Александр Прозоров, Андрей Посняков

Дальний поход

ГЛАВА I

Апрель — май 1584 г.
Восточное побережье Ямала
Троицкий острог

Слева от струга тянулся сплошной полосой низкий, с серыми, обросшими тысячелетним мхом валунами и колючим кустарником берег, продуваемый всеми ветрами, неуютный, холодный, гнездилище неприхотливых гагар и бакланов. Свинцовые, студеные даже с виду волны лизали прибрежные камни длинными пенными языками, шипя, словно огромные змеи, что водились подальше от моря, в теплых лесах сир-тя. Да и вообще, кто там только не водился — испускаемый колдовским солнцем жар давал жизнь самым гнусным тварям, коих плывущие казаки не видали раньше даже в самых кошмарных снах. Двуногие — с маленькими передними лапками и огромными зубами — драконы величиной с добрую ладью, осанистый — с три амбара — трехрог, яйцеголов с покатым черепом, похожим на оголовье немецкого шлема, травоядный — однако огромнейший! — длинношей, хищные волчатники, выглядевшие словно потрепанные зубастые курицы величиной с лошадь…

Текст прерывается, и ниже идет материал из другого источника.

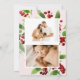 Festive berry botanical, multi-photo holiday card. Merry Christmas in red script. Card features, elegant watercolor frames of greenery and berries with coordinating pale pink colour backing. Single photo on front and two photos on back.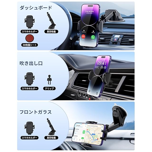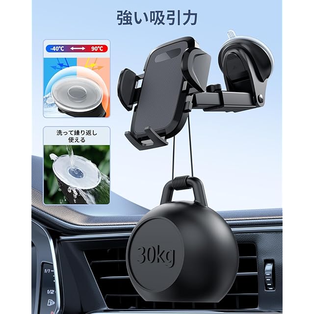 【超強力吸盤&安定性抜群】弊社の車 すまほほるだーは最新改良された超強力真空吸盤を採用、取り付け場所を自由に選べることで、ダッシュボードや窓など、平らな場所であればどこでも取り付けられます。 運転席だけでなく後部座席などに取り付けて子どもたちがスマホで動画を楽しめるように使えます。 また、携帯ホルダーの吸盤には耐熱性と耐寒性がある素材を追加しており、暑い時や極寒時で外れやすいの問題を有効的に防ぎます。 更に、吸盤が汚れにより吸引力が弱くなった場合でも、水洗い後に乾燥させることで吸着力復元でき、長い時間の使用を実現します。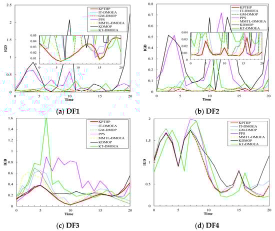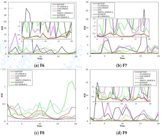 From Table 9, we can obviously notice that the performance of KPTHP is significantly better than the other two versions, which suggests that each component of KPTHP has an indispensable influence. Comparing KPTHP and KPTHP-v1, we can find that the MIGD value of the former is significantly smaller than that of the latter, which indicates that feed-forward prediction can improve the convergence of the algorithm to a certain extent. Then, comparing KPTHP and KPTHP-v2, KPTHP is smaller than KPTHP-v2 for the majority of test functions with HVD and MMS values, which implies that the transfer based on key points can improve the distribution and diversity of the algorithm. In summary, given the preceding analysis, it is concluded that each component is significant and essential when dealing with dynamic environments.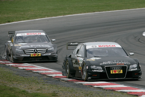 At the eighth DTM round at Brands Hatch, Audi celebrated their fourth win of the 2008 season. In unstable weather conditions Timo Scheider defended an extremely narrow lead against Mercedes driver Paul di Resta on the British circuit. In front of 26,800 spectators (throughout the weekend) Timo Scheider thus extended his leadership of the standings to nine points. Mattias Ekström shone with a brilliant recovery from seventh to third place.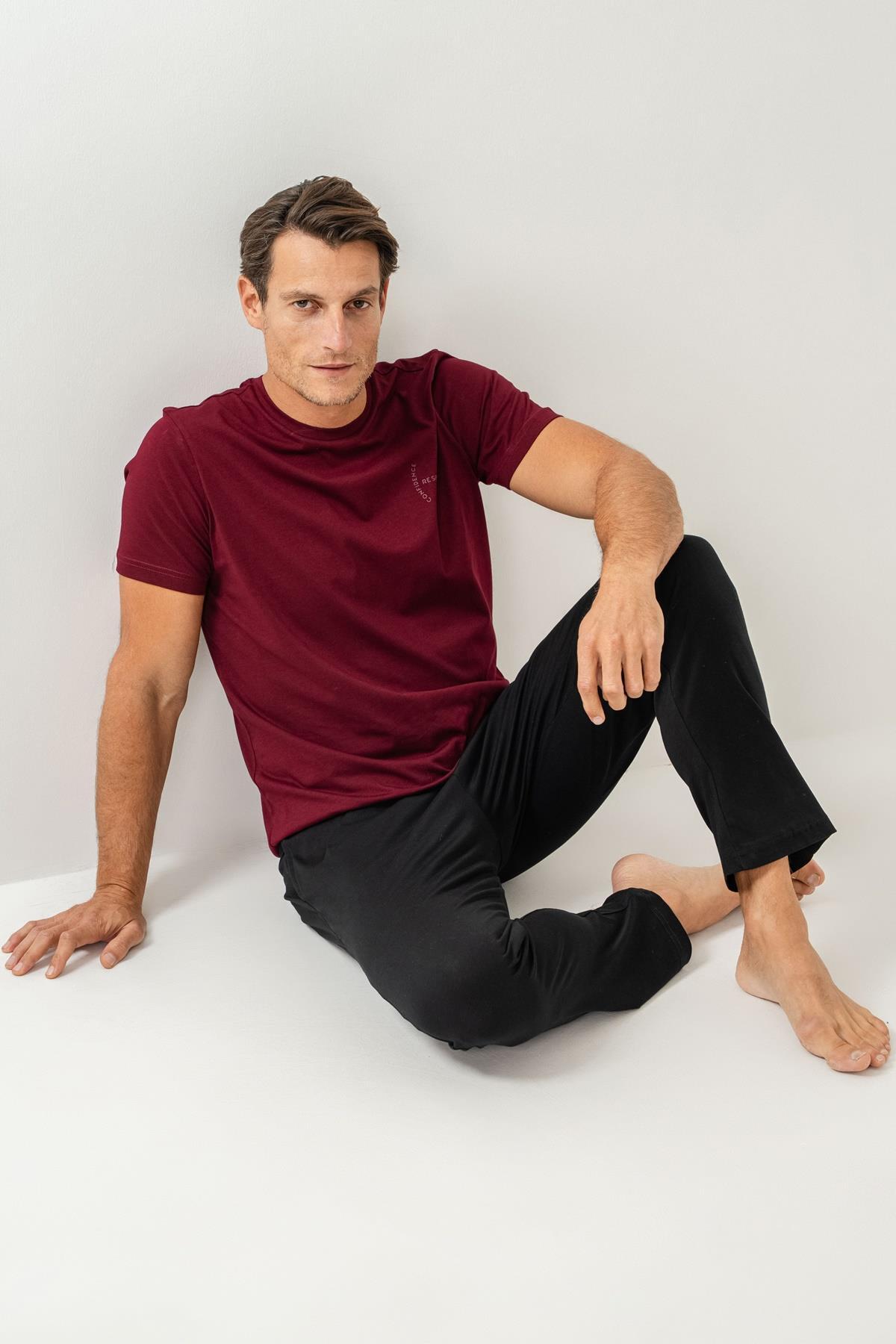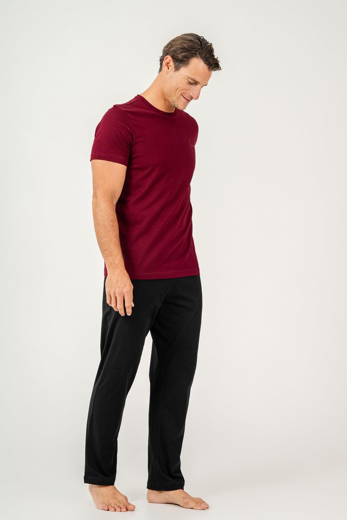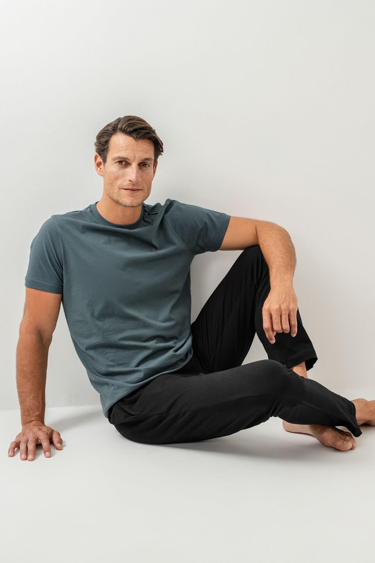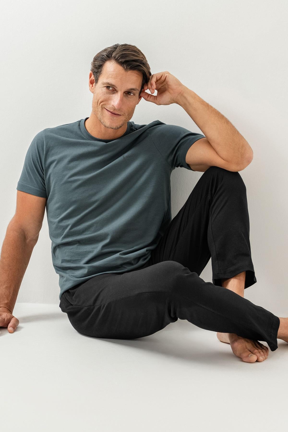 Erkek Pijama Takımı %100 Pamuk – Kısa Kollu Üst & Cepli Uzun Alt Rahat Ev Giyimi

Но все это там, в глубине колдовских земель, здесь же, у холодного моря, теплолюбивые твари не водились, и даже могучие колдуны сир-тя не могли долго удерживать их в этих местах своей злобной волей. Лишь крупные шерстистые слоны — товлынги — иногда забредали к морю, паслись небольшими стадами, лакомясь вкусной морошкой и грибами. Впрочем, до морошки — и уж тем более до грибов — было еще далеко, весна, можно сказать, только еще начиналась… Здесь. В глубине же земли колдунов всегда царило вечное лето.

— Па, робяты! — выкрикнул с мачты марсовый — молодой казак Кудеяр Ручеек, рябой и чубатый, как раз его очередь была сегодня дозорить. — Товлынги! Бона, к северу, где холм.

— Вижу! — присмотревшись, сутулый и худющий десятник Силантий Андреев, бывший на струге за главного, махнул рукой кормщику. — Давай, Кольша, поворачивай к берегу… Поглядим. А вы, парни, — десятник строго взглянул на казаков, — раньше времени-то не радуйтесь — товлынгов еще запромыслить надоть. Из лука его не возьмешь, а порох атаман беречь наказывал накрепко! Стрелять разрешил токмо в крайности — ежели вдруг колдуны драконов зубастых нашлют.

Молодые казаки — Кудеяр, Семенко Волк, синеглазый Ухтымка — радостно запереглядывались, засмеялись — уже пятый день судно бороздило море, и пока без добычи, и вот — выпадал шанс.

— Эх, возьмем нынче бивней! Ты что невесел, остяк?

Смуглый, с круглым лицом и густой светло-русою шевелюрой отрок из народа хантов, прозываемого на Руси остяками, скромненько притулившийся на носу, обернулся, возмущенно сверкнув большими, цвета еловых лап, глазами:

— Нам не один товлынг нужен, да-а. И даже не дюжина. Забыли, зачем шли?

— А ведь прав нехристь! — Десятник задумчиво почесал голову. — Нам стойбище дикарское разорить надобно — у них там хижины из костей товлыжьих… нам на струг хватит! А за этим стадом… ты, Маюни, верно сказал — не один нужен и не дюжина. Так что пусть их… пусть идут.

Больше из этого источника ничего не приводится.